--- AIM OF THE EXERCISE ---
Would you print the lines below exactly, beginning at the line that has "Нарезать помидоры на средние кусочки." and stopping after the line that has "keerzijde: bijbelse voorstelling"? Only those lines, and no pictures.

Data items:
═══
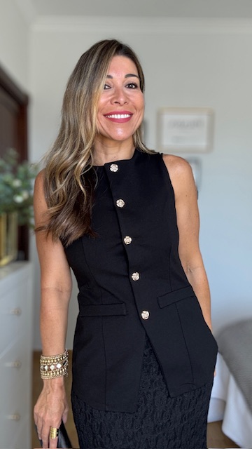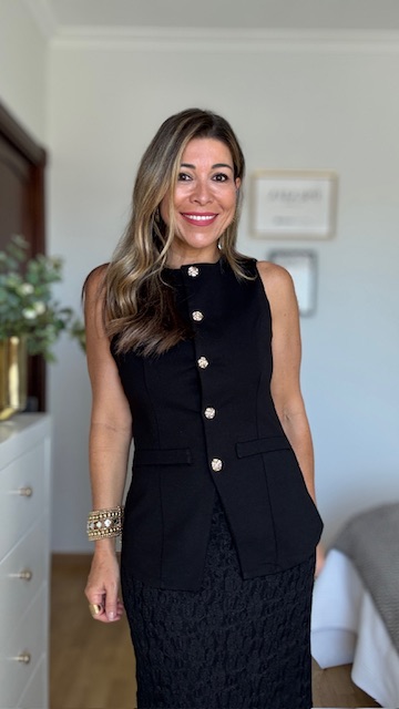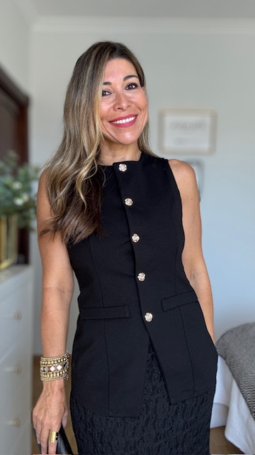 Chaleco de vestir con botonadura dorada de flor. Largo por la cadera. Talla única válida desde la 34 hasta la 38. Disponible en tres colores.
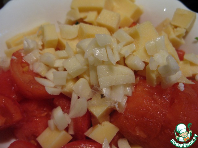 Нарезать помидоры на средние кусочки.
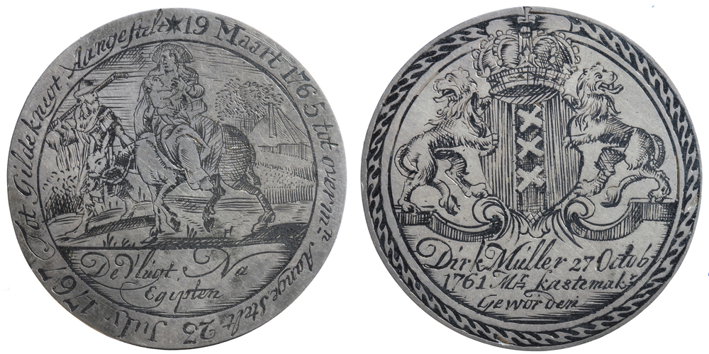 keerzijde: bijbelse voorstelling van de vlucht naar Egypte binnen een cirkelgroef, daaronder een naam. Omschrift.
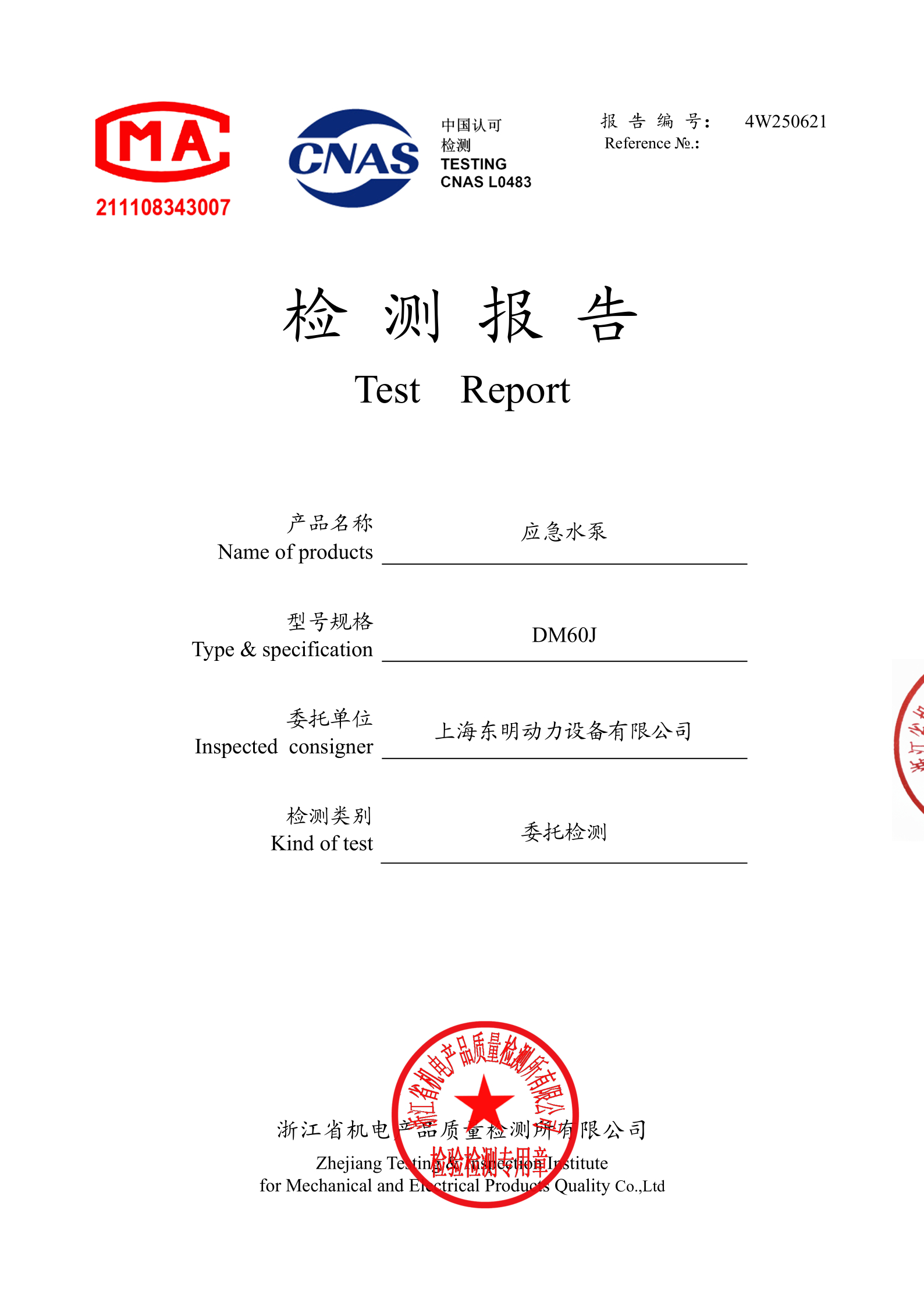 除了出色的性能表現,上海東(dōng)明 DM60YJ 汽油水(shuǐ)泵還具備專業檢測報(bào)告,各項指(zhǐ)標符合國家相(xiàng)關標準。從動力性能(néng)到安全防護,都經過嚴格測試驗證,確保設備在(zài)應急使用中的安全性、可靠性和穩定性。檢測報告的加持,也(yě)為用戶在政府(fǔ)采購、應急儲備等場景中提供了依據。
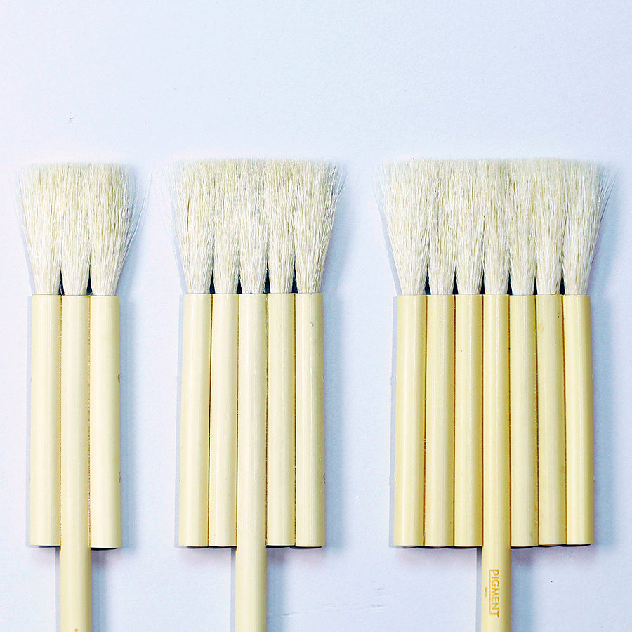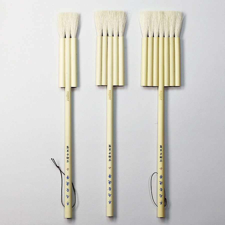 使うほどにコシがでできます。鹿毛入連筆よりもたっぷりと含みがよく、柔らかいです。丸筆を組み合わせて作られているので、刷毛よりも含みがよく、均等に色を塗ることができます。
═══
--- RESPONSE ---
 Нарезать помидоры на средние кусочки.
 keerzijde: bijbelse voorstelling van de vlucht naar Egypte binnen een cirkelgroef, daaronder een naam. Omschrift.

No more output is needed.